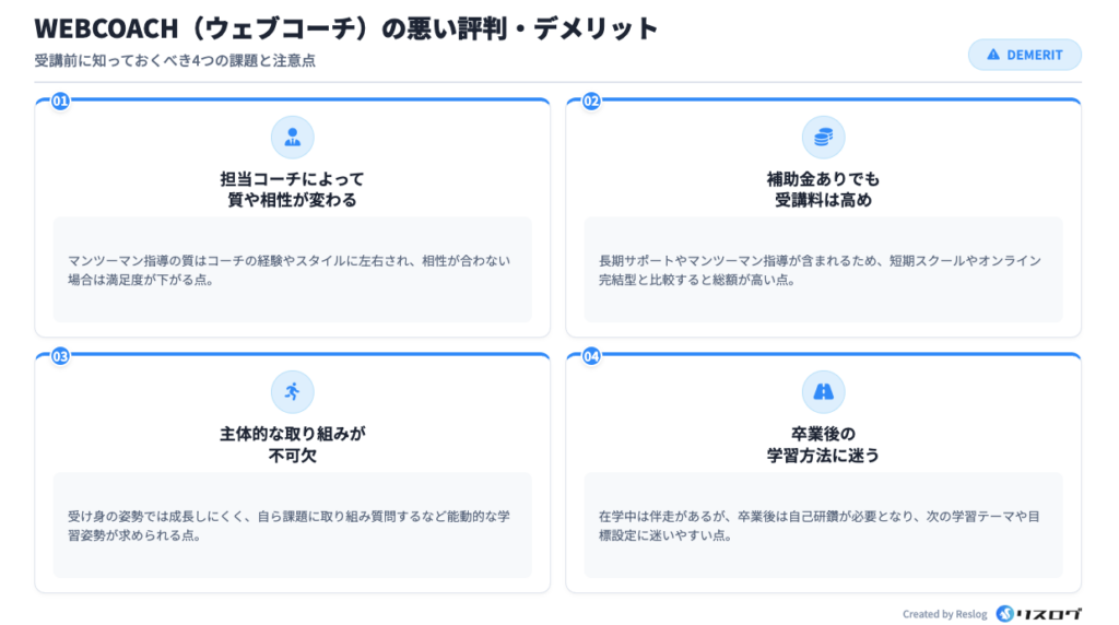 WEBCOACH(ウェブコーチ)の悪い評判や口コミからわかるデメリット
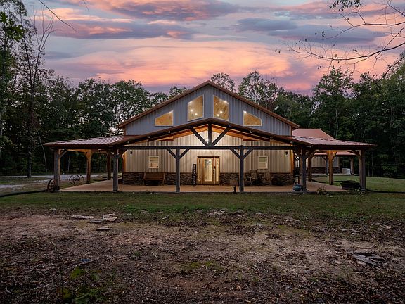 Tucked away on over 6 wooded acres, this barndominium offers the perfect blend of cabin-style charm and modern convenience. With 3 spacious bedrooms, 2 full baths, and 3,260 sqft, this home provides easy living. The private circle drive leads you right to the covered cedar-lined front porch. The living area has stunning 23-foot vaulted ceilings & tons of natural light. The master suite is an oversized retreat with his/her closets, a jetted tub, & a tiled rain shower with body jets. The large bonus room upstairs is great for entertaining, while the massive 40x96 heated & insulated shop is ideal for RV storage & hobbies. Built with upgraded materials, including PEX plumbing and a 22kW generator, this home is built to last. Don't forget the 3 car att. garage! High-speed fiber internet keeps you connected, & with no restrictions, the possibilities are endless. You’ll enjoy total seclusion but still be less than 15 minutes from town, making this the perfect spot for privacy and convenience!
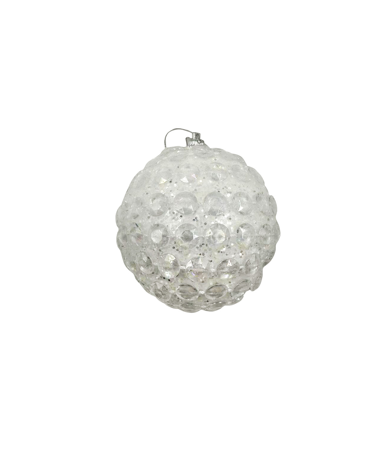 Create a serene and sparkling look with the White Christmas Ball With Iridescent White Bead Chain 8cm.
----------------
_Your goal_
Write out everything in the data word for word. Omit each picture.

_The answer_
 WEBCOACH(ウェブコーチ)の悪い評判や口コミからわかるデメリット
 Tucked away on over 6 wooded acres, this barndominium offers the perfect blend of cabin-style charm and modern convenience. With 3 spacious bedrooms, 2 full baths, and 3,260 sqft, this home provides easy living. The private circle drive leads you right to the covered cedar-lined front porch. The living area has stunning 23-foot vaulted ceilings & tons of natural light. The master suite is an oversized retreat with his/her closets, a jetted tub, & a tiled rain shower with body jets. The large bonus room upstairs is great for entertaining, while the massive 40x96 heated & insulated shop is ideal for RV storage & hobbies. Built with upgraded materials, including PEX plumbing and a 22kW generator, this home is built to last. Don't forget the 3 car att. garage! High-speed fiber internet keeps you connected, & with no restrictions, the possibilities are endless. You’ll enjoy total seclusion but still be less than 15 minutes from town, making this the perfect spot for privacy and convenience!
 Create a serene and sparkling look with the White Christmas Ball With Iridescent White Bead Chain 8cm.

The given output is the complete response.